During Week 7, we worked together to define the following functions. Let’s spend some time to use them and see how they help us understand genetic drift.

p_next_drift_fun(p, N) simulates a possible allele frequency in the next generation in a population with size N and frequency of A1 allele p. The changes in allele frequency is due to the effect of genetic drift, and you should get a different answer each time you try it!
- An important thing to note: The construction for haploid and diploid should be different for this function. Which one of the following is for haploid and which one is for diploid?
```
p_next_drift_fun = function(p, N){
  n_next = rbinom(1, size = N, prob = p)
  p_next = n_next/N
  return(p_next)
}

p_next_drift_fun = function(p, N){
  n_next = rbinom(1, size = 2*N, prob = p)
  p_next = n_next/(2*N)
  return(p_next)
}
```
drift_fun(p, N, ngen) that does the binomial sampling ngen time. It returns a vector saving allele frequency of each generation.
- You should call p_next_drift_fun() in this function. Note that you can call population size, allele frequency of whatever name (no need to be N and p, but they have to be consistent between the two functions).
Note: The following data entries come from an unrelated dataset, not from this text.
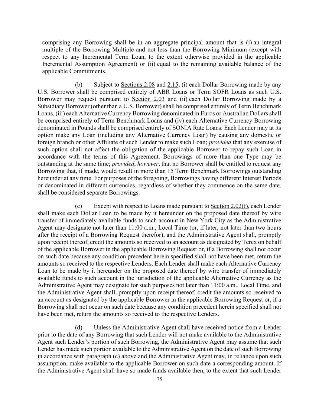 14 (i) where it relates to a U.K. Treaty Lender that is a Lender on the day on which this Agreement is entered into, contains the scheme reference number and jurisdiction of tax residence stated below that U.K. Treaty Lender’s name on its signature page to this Agreement and is filed with HM Revenue & Customs within 30 days of the date of this Agreement; or (ii) where it relates to a U.K. Treaty Lender that is a New Lender, contains the scheme reference number and jurisdiction of tax residence stated in respect of that Lender in the relevant Assignment and Acceptance and is filed with HM Revenue & Customs within 30 days of that date. “Borrower Purchase Assignment and Acceptance” shall mean an assignment and acceptance entered into by a Lender and Terex, and accepted by the Administrative Agent, in the form of Exhibit B-2 or such other form as shall be approved by the Administrative Agent. “Borrowers” shall mean, collectively, Terex and the Subsidiary Borrowers. “Borrowing” shall mean a group of Loans of a single Type made by the Lenders on a single date and, in the case of a Eurocurrency Borrowing or a Term SOFR Borrowing, as to which a single Interest Period is in effect. “Borrowing Minimum” shall mean $2,500,000, A$2,500,000, €2,000,000, £2,000,000 or, in the case of any other Alternative Currency, such amount as may be reasonably specified by the Administrative Agent. “Borrowing Multiple” shall mean $100,000, A$100,000, €100,000, £100,000 or, in the case of any other Alternative Currency, such amount as may be reasonably specified by the Administrative Agent. “Borrowing Request” shall mean a request by any Borrower in accordance with the terms of Section 2.03 and substantially in the form of Exhibit C. “Borrowing Subsidiary Agreement” shall mean a Borrowing Subsidiary Agreement substantially in the form of Exhibit J-1, or such other form as shall be acceptable to Terex and the Administrative Agent. “Borrowing Subsidiary Termination” shall mean a Borrowing Subsidiary Termination substantially in the form of Exhibit J-2, or such other form as shall be acceptable to Terex and the Administrative Agent. “Business Day” shall mean any day other than a Saturday, Sunday or day on which banks in New York City are authorized or required by law to close; provided, however, that (i) when used in connection with a Term SOFR Loan, the term “Business Day” shall exclude any day that is not a U.S. Government Securities Business Day, (ii) when used in connection with a Eurocurrency Loan, the term “Business Day” shall also exclude any day that is not a Target Day, (iii) when use in connection with any SONIA Rate Loan, the term “Business Day” shall also exclude any day on which banks are closed for general business in London and (iv) when used in connection with any Calculation Date or determining any date on which any amount is to be paid or made available in an Alternative Currency other than Euro, the term “Business Day” shall also
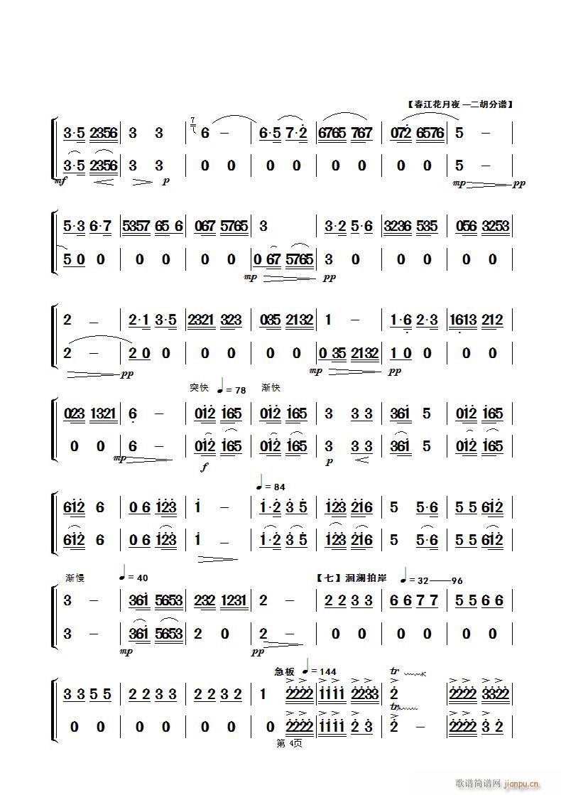 [二胡谱]春江花月夜】民乐合奏二胡分谱】第四页
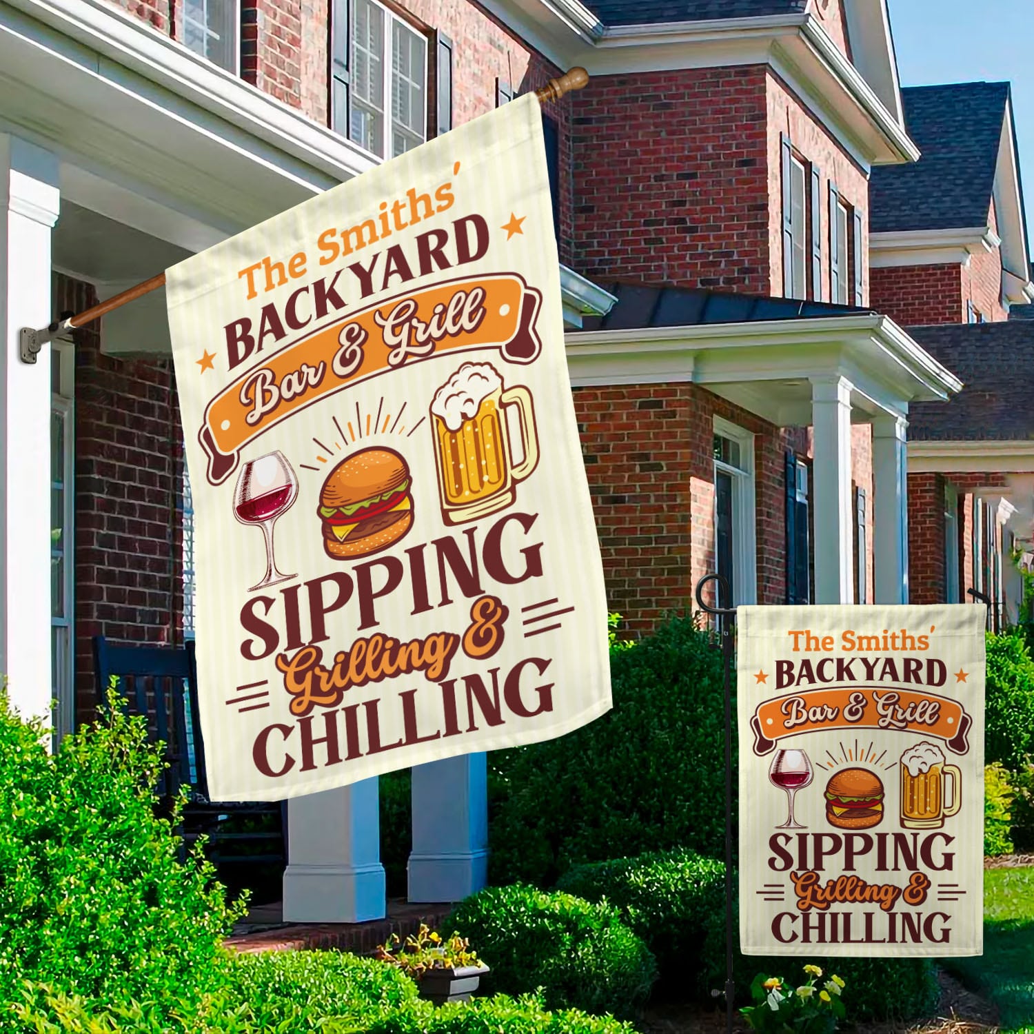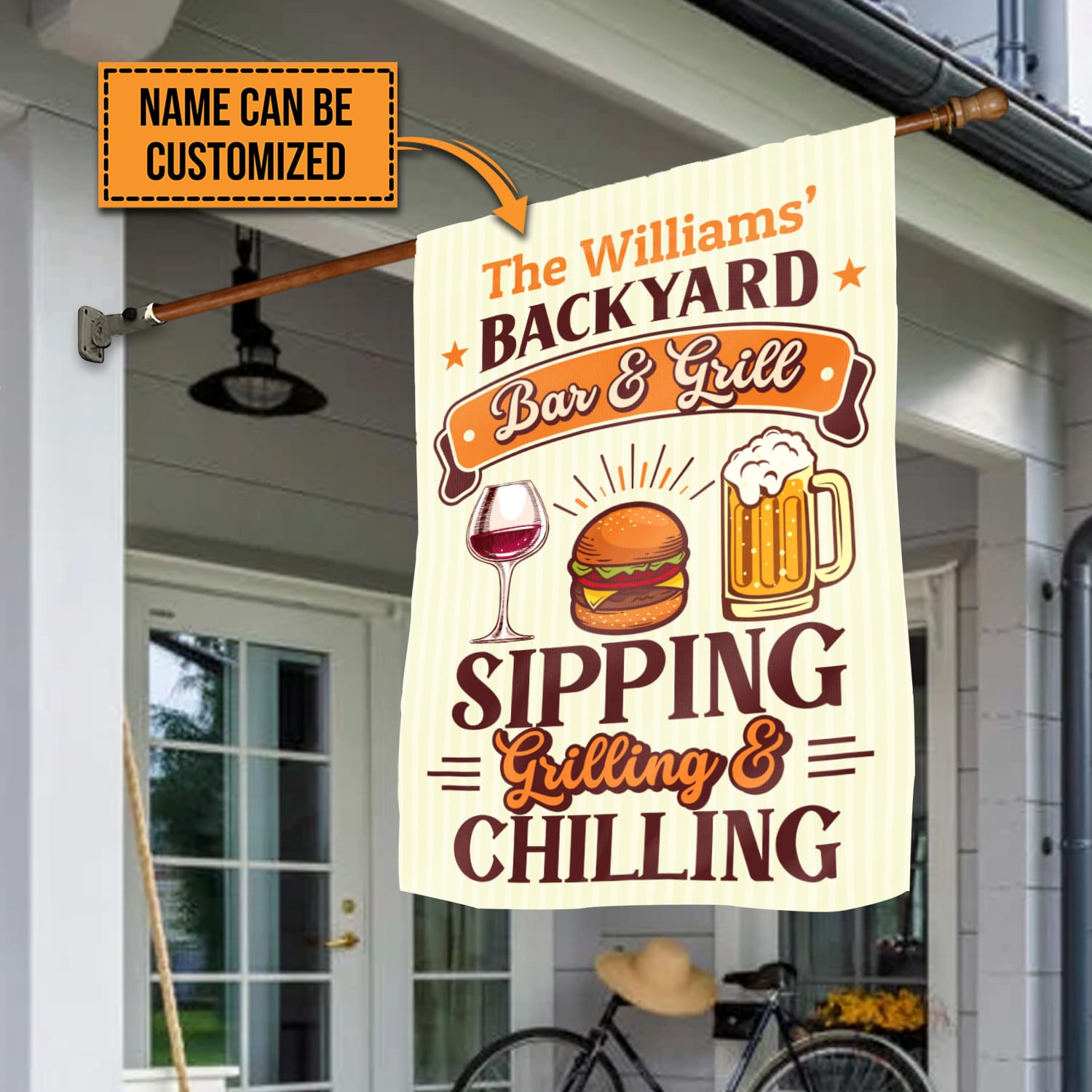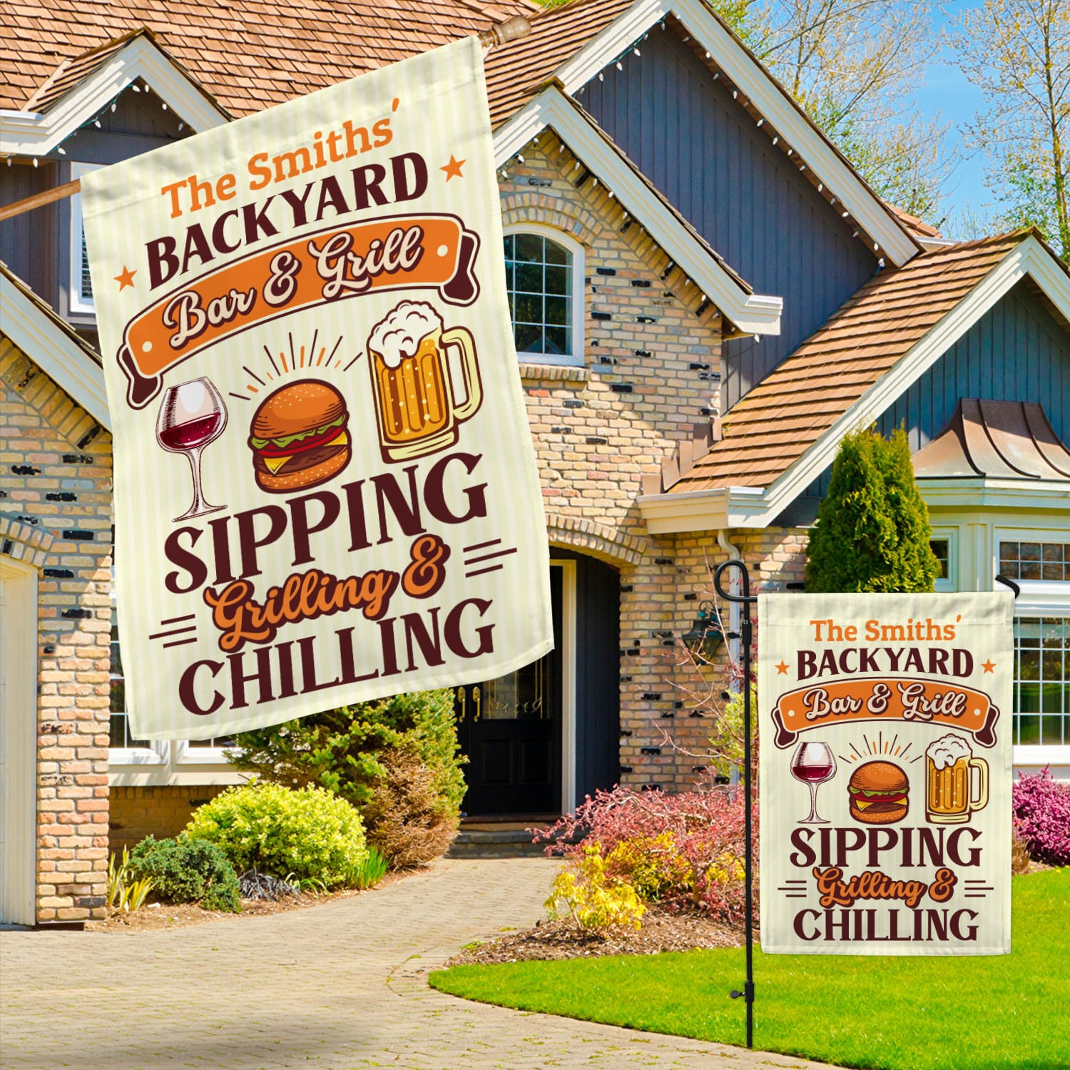 Let’s Shop Personalized Backyard Flag Backyard Bar and Grill Sipping Grilling and Chilling Garden Flag – House Flag!

- In class exercise: Let’s use this function to explore the impact of population size (N). Run the following three simulations.
  
  p = 0.5, N = 10, ngen = 100
  
  p = 0.5, N = 100, ngen = 100
  
  p = 0.5, N = 1000, ngen = 100
  
  Make an X-Y plot, overlaying the results from all three simulations in one plot. Which simulation shows the strongest impact of genetic drift?
  
  Hint: mind the scale of Y-axis.
multi_dirft_fun(p, N, ngen, nrun) allows you to run simulations with the same set of parameters multiple times and save the allele frequncies in a matrix.
```
multi_drift_fun = function(p, N, ngen, nrun){
  multi_m_p = matrix(nrow = nrun, ncol = ngen) #this is an empty matrix
  for(i in 1:nrun){
    v_p = drift_fun(p, N, ngen)
    multi_m_p[i,] = v_p
  }
  return(multi_m_p)
}
```
- In class exercise: use this function to simulate 50 times
  
  with p = 0.5, N = 10, ngen = 100. Make a plot that includes all results.
  
  with p = 0.5, N = 1000, ngen = 100. Make a plot that includes all results.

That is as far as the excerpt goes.